1 sgg.). Vero è che Mopso disprezza il volgare, ma Titiro gli manderà dieci vasi di latte munto da una sua pecora carissima,

ossia, come pare probabile, dieci canti del Paradiso. Dopo tale saggio di poesia latina, che si concreta in una vivace e

drammatica rappresentazione, Giovanni del Virgilio, ripigliando anche lui le forme dell’egloga virgiliana, rispose a Dante; e,

chiamandolo un nuovo Virgilio, anzi lo stesso Virgilio redivivo, gli rinnovò l’invito di recarsi a Bologna, dove insieme e con

voce diversa avrebbero potuto effondere le voci della loro anima tra un festante coro di amici e ammiratori. E Dante, forse

nell’anno ultimo della sua vita, replicò allora con una seconda egloga, narrando, sotto il nome di Titiro, le sollecitazioni

affettuose di cui era l’oggetto da parte delle persone care che l’attorniavano nella quiete operosa di Ravenna. Mentre Titiro

è in colloquio col pastore Alfesibeo, cioè col maestro Fiducio dei Milotti, medico, da Certaldo, giunge improvvisamente

Melibeo, che affannato gli porta il carme responsivo di Mopso e gliene fa sentire la dolce melodia. Tutti sono in timore che

Titiro ceda all’invito di Mopso e lasci – poiché la scena si finge in Sicilia – le rugiadose terre del Peloro (Ravenna) per le

Petrose caverne etnee (Bologna), dove signoreggia il fiero Ciclope. Con fervente affetto Alfesibeo prega e scongiura Titiro di

non disertare le fonti e i pascoli resi illustri dal suo nome immortale; e Titiro lo rassicura: Mopso, che è come lui un amico

delle Muse, crede che egli abiti la spiaggia adriatica e gli esalta perciò i pascoli dell’Etna; invece egli vive,

spiritualmente, nella parte migliore della Trinacria, dove regna la pace e nel silenzio contemplativo sboccia il fiore di

quella pura poesia che in noi è natura.

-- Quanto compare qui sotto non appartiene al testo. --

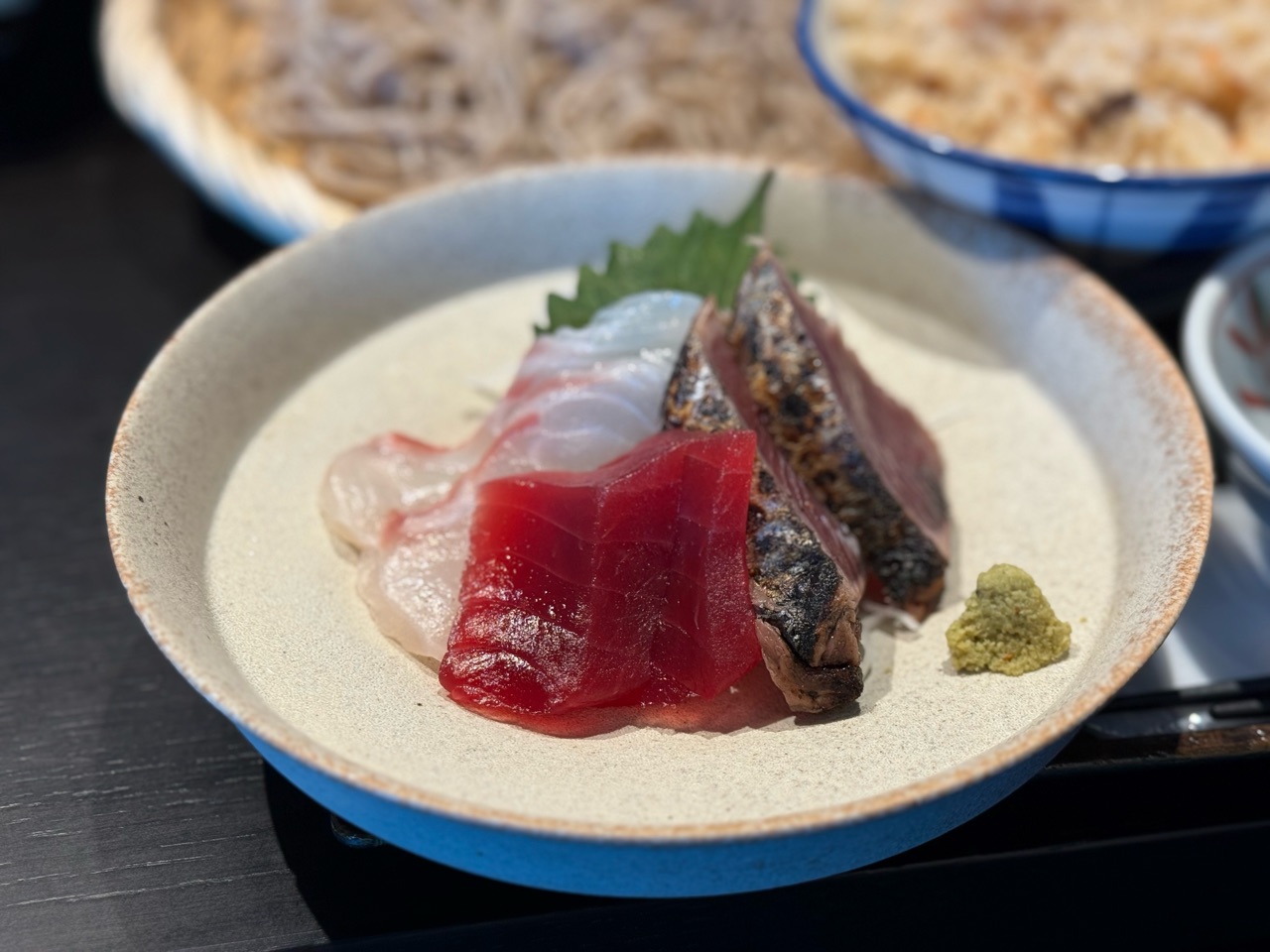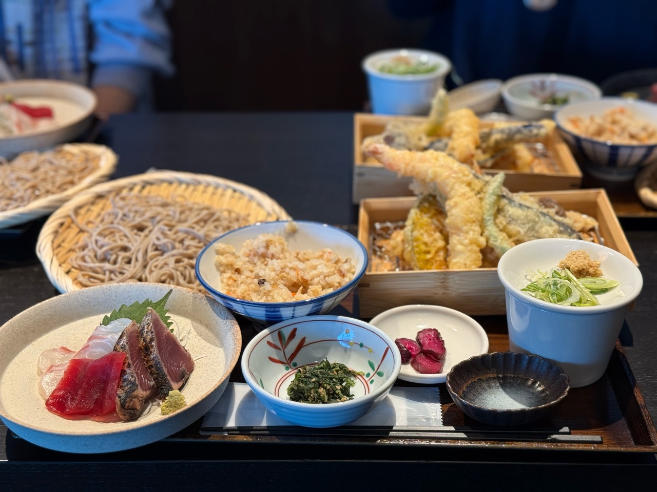 お蕎麦に、天ぷら、お刺身、かしわ飯(白米も選べる)、小鉢、甘味がセットになってます。

Per vedere Mopso egli si recherebbe a Bologna: ma là non andrà per timore di Polifemo;

vale a dire – lasciando da parte ogni identificazione storica di tale personaggio, perché incerta e dubbiosa – egli non lascerà

una dimora così tranquilla e decorosa con altra che non l’affida. I due componimenti, che s’ispirano all’egloga virgiliana e

ne riproducono atteggiamenti e movenze, sono chiara testimonianza dell’arte di Dante, che in un momento di felice abbandono sa

risollevarsi dal latino scolastico delle sue opere in prosa e rivelarsi anche lì poeta. La finzione bucolica, quasi sempre

leggera e trasparente, non è che un mezzo per dare sfondo alla scena, dove l’azione è posta al servigio di una

rappresentazione, che incide caratteri e si scioglie in note profondamente umane. Di là dal linguaggio ingegnosamente elaborato

e teso, noi cogliamo figure che s’individuano drammaticamente. Titiro con la sua fede nel valore della poesia e il suo sogno

di gloria; Melibeo e Alfesibeo, con la loro devozione al “divino vecchio”, la cui presenza onora il luogo del loro comune

esilio. E tutto in un’atmosfera idillica di affetti teneri e gentili, e di consonanze spirituali intimamente attive e

profonde, che ci fanno pensare a qualche episodio del Purgatorio.